----- Recorded information -----

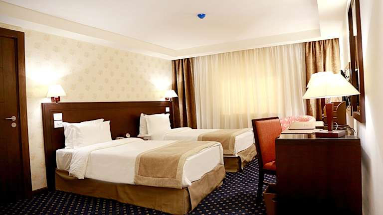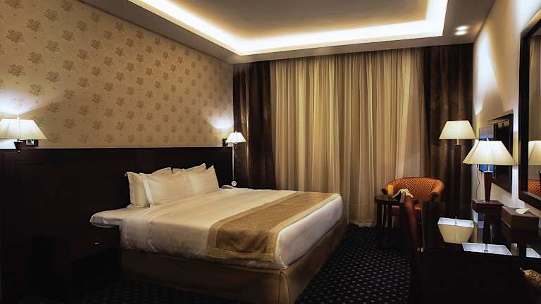 Die Zimmer sind mit Klimaanlage und Heizung ausgestattet und verfügen über verschiedene Bettgrößen, darunter Doppel-, Queensize- und Kingsize-Betten. Weitere Annehmlichkeiten sind ein Safe, eine Minibar, ein Schreibtisch, eine Tee-/Kaffeemaschine, ein Bügelset und eine Hosenpresse. Die Zimmer sind zudem mit einem TV-Gerät, einem CD-Player und einem DVD-Player ausgestattet. WLAN steht kostenfrei zur Verfügung. Die Badezimmer sind mit einer Dusche und einem Haartrockner ausgestattet und bieten Kosmetikartikel sowie eine Auswahl an Handtüchern.
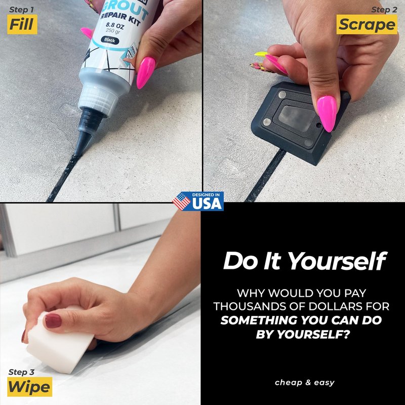- WATERPROOF, ACTUAL GROUT - Black grout has water-resistant fast-drying features. Black tile grout is designed to instantly color and cover stained, dirty, or old grouts. Makes all your bathroom, kitchen surfaces, tile floor, countertop, or wall look new again. It is actual grout, not just a paint
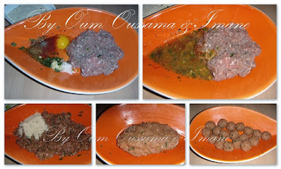 : 200 غ كفتة + 1 بيضة + 3 م ك خبز محمص محكوك + نصف م ص تحميرة + نصف م ص كامون + ربع م
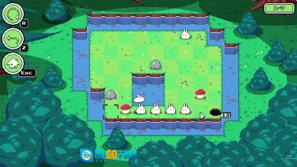 1、每个关卡的目标是让所有兔子都进入同一个洞穴,不过兔子们不能直接移动,得通过跳跃同伴来实现位置转移。
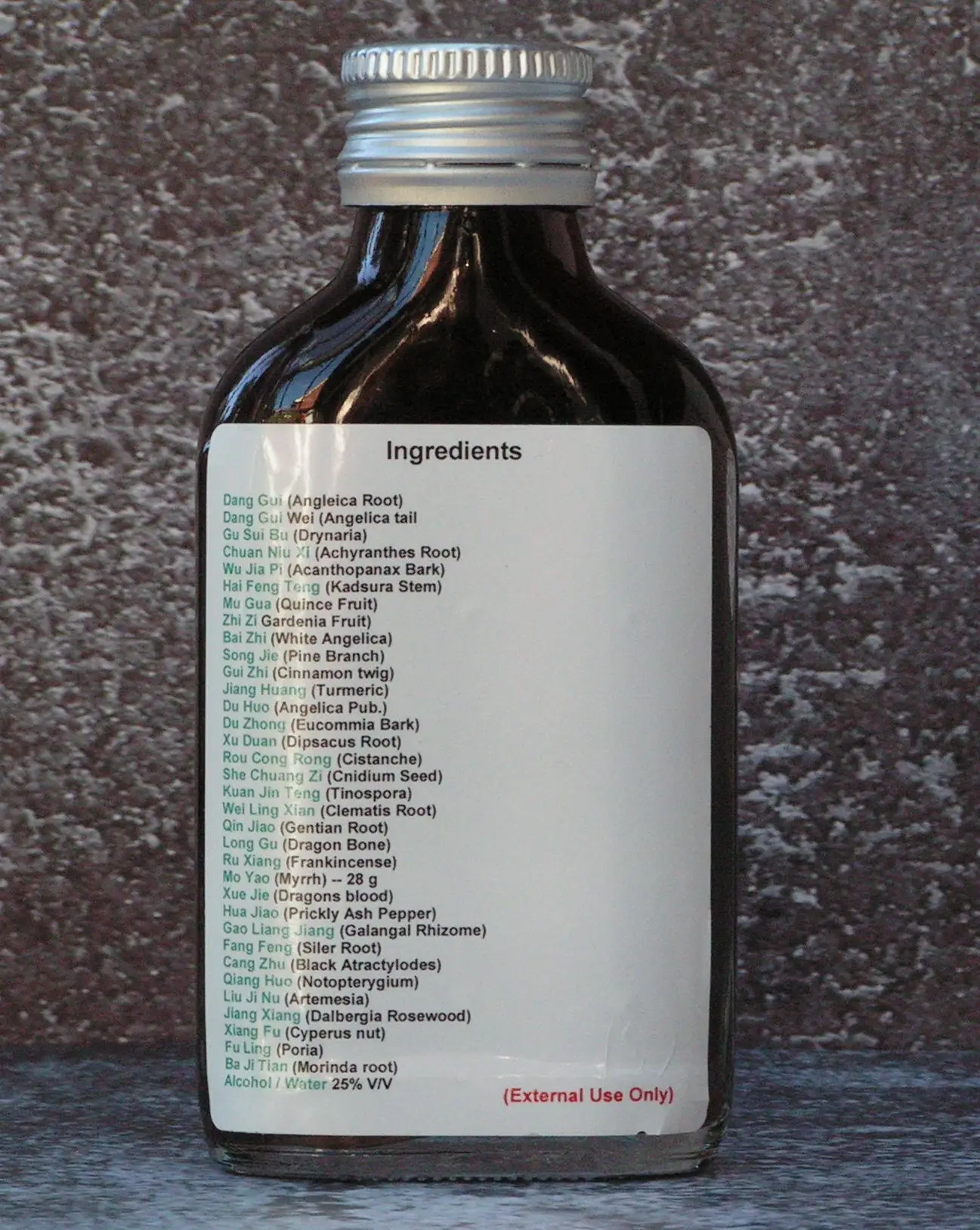 Dang Gui (Angleica Root), Dang Gui Wei (Angelica tail), Gu Sui Bu (Drynaria), Chuan Niu Xi (Achyranthes Root), Wu Jia Pi (Acanthopanax Bark), Hai Feng Teng (Kadsura Stem), Mu Gua (Quince Fruit), Zhi Zi Gardenia Fruit, Bai Zhi (White Angelica), Song Jie (Pine Branch), Gui Zhi (Cinnamon twig), Jiang Huang (Turmeric), Du Huo (Angelica Pub) Du Zhong (Eucommia Bark) Xu Duan (Dipsacus Root), Rou Cong Rong (Cistanche) She Chuang Zi (Cnidium Seed), Kuan Jin Teng (Tinospora) Wei Ling Xian (Clematis Root), Qin Jiao (Gentian Root) Long Gu (Dragon Bone), Ru Xiang (Frankincense), Mo Yao (Myrrh), Xue Jie (Dragons blood), Hua Jiao (Prickly Ash Pepper), Gao Liang Jiang (Galangal Rhizome), Fang Feng (Siler Root), Cang Zhu (Black Atractylodes), Qiang Huo (Notopterygium), Liu Ji Nu (Artemesia) Jiang Xiang (Dalbergia Rosewood), Xiang Fu (Cyperus nut), Fu Ling (Poria), Ba Ji Tian (Morinda root), Alcohol / Water 25% V/V
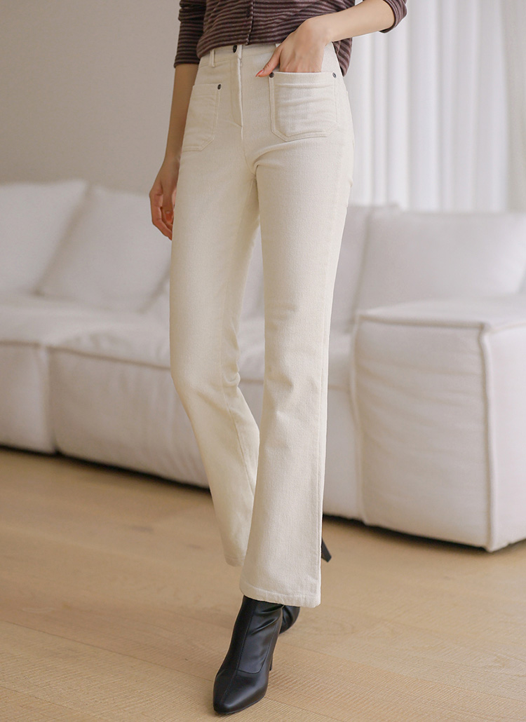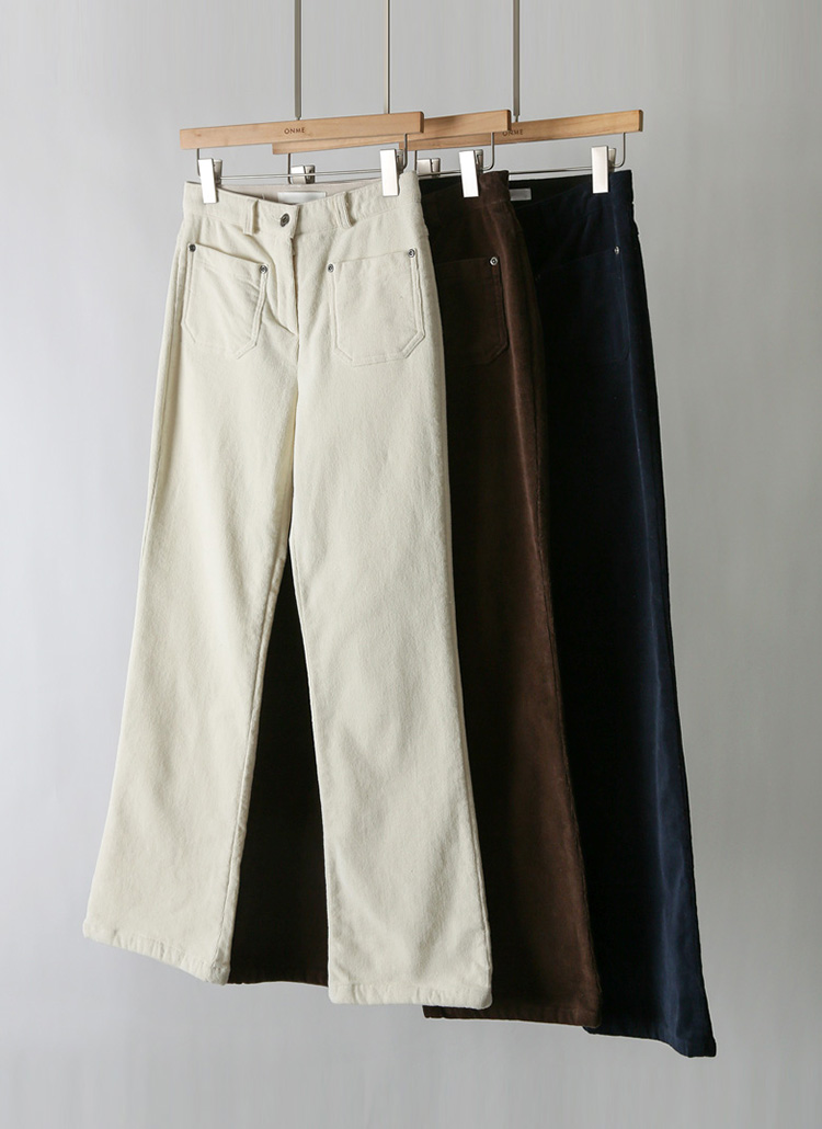 [THE ONME] フロントポケット細コーデュロイ裏起毛フレアコットンパンツ pt44035

-----

# What is being asked
The required output is each line above restated verbatim, with all images omitted.

# Result of the task
 Die Zimmer sind mit Klimaanlage und Heizung ausgestattet und verfügen über verschiedene Bettgrößen, darunter Doppel-, Queensize- und Kingsize-Betten. Weitere Annehmlichkeiten sind ein Safe, eine Minibar, ein Schreibtisch, eine Tee-/Kaffeemaschine, ein Bügelset und eine Hosenpresse. Die Zimmer sind zudem mit einem TV-Gerät, einem CD-Player und einem DVD-Player ausgestattet. WLAN steht kostenfrei zur Verfügung. Die Badezimmer sind mit einer Dusche und einem Haartrockner ausgestattet und bieten Kosmetikartikel sowie eine Auswahl an Handtüchern.
- WATERPROOF, ACTUAL GROUT - Black grout has water-resistant fast-drying features. Black tile grout is designed to instantly color and cover stained, dirty, or old grouts. Makes all your bathroom, kitchen surfaces, tile floor, countertop, or wall look new again. It is actual grout, not just a paint
 : 200 غ كفتة + 1 بيضة + 3 م ك خبز محمص محكوك + نصف م ص تحميرة + نصف م ص كامون + ربع م
 1、每个关卡的目标是让所有兔子都进入同一个洞穴,不过兔子们不能直接移动,得通过跳跃同伴来实现位置转移。
 Dang Gui (Angleica Root), Dang Gui Wei (Angelica tail), Gu Sui Bu (Drynaria), Chuan Niu Xi (Achyranthes Root), Wu Jia Pi (Acanthopanax Bark), Hai Feng Teng (Kadsura Stem), Mu Gua (Quince Fruit), Zhi Zi Gardenia Fruit, Bai Zhi (White Angelica), Song Jie (Pine Branch), Gui Zhi (Cinnamon twig), Jiang Huang (Turmeric), Du Huo (Angelica Pub) Du Zhong (Eucommia Bark) Xu Duan (Dipsacus Root), Rou Cong Rong (Cistanche) She Chuang Zi (Cnidium Seed), Kuan Jin Teng (Tinospora) Wei Ling Xian (Clematis Root), Qin Jiao (Gentian Root) Long Gu (Dragon Bone), Ru Xiang (Frankincense), Mo Yao (Myrrh), Xue Jie (Dragons blood), Hua Jiao (Prickly Ash Pepper), Gao Liang Jiang (Galangal Rhizome), Fang Feng (Siler Root), Cang Zhu (Black Atractylodes), Qiang Huo (Notopterygium), Liu Ji Nu (Artemesia) Jiang Xiang (Dalbergia Rosewood), Xiang Fu (Cyperus nut), Fu Ling (Poria), Ba Ji Tian (Morinda root), Alcohol / Water 25% V/V
 [THE ONME] フロントポケット細コーデュロイ裏起毛フレアコットンパンツ pt44035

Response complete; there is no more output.